**EXERCISE**
The reply must contain exactly the lines below from the one with "The Gondolo 8-Days" down to the one with "2012 VOLKSWAGEN JETTA", both included, and nothing more; please omit the pictures.

**DATA EXCERPTS**
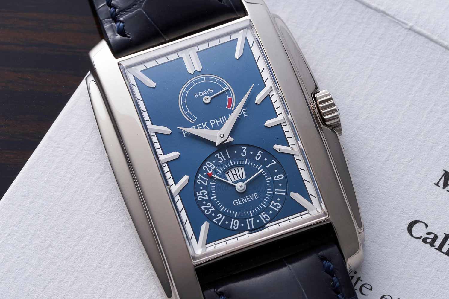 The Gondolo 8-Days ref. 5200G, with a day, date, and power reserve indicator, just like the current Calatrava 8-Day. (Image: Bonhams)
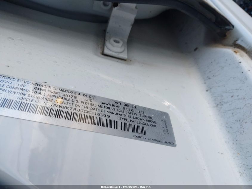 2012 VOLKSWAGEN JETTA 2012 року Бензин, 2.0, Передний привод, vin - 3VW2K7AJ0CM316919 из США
---
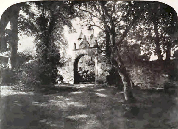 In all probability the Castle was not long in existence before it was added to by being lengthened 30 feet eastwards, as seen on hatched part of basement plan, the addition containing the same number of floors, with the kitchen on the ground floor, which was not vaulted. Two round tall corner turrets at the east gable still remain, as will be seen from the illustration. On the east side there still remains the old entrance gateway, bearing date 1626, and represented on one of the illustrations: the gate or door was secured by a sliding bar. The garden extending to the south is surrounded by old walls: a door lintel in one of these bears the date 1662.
---
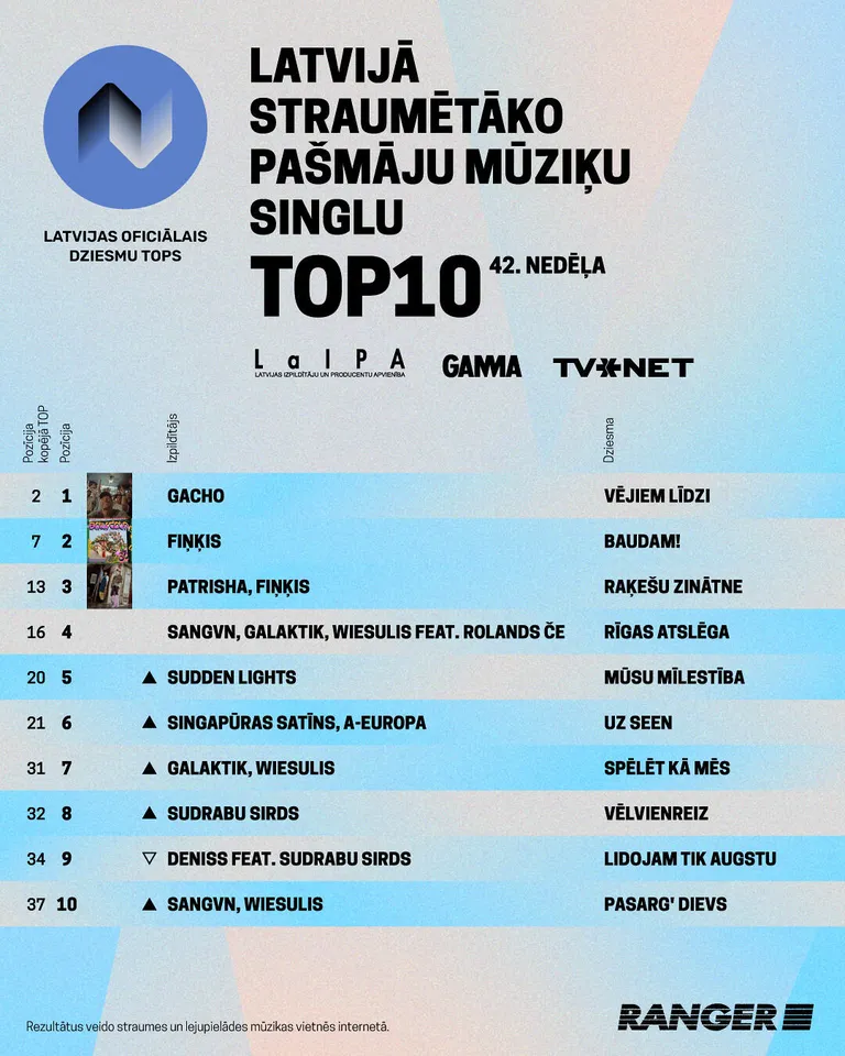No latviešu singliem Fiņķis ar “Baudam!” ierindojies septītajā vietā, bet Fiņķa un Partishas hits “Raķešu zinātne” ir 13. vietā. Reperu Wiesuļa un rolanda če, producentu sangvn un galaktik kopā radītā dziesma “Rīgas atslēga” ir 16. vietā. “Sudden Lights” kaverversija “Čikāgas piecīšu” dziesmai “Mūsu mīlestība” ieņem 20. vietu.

**TASK RESPONSE**
 The Gondolo 8-Days ref. 5200G, with a day, date, and power reserve indicator, just like the current Calatrava 8-Day. (Image: Bonhams)
 2012 VOLKSWAGEN JETTA 2012 року Бензин, 2.0, Передний привод, vin - 3VW2K7AJ0CM316919 из США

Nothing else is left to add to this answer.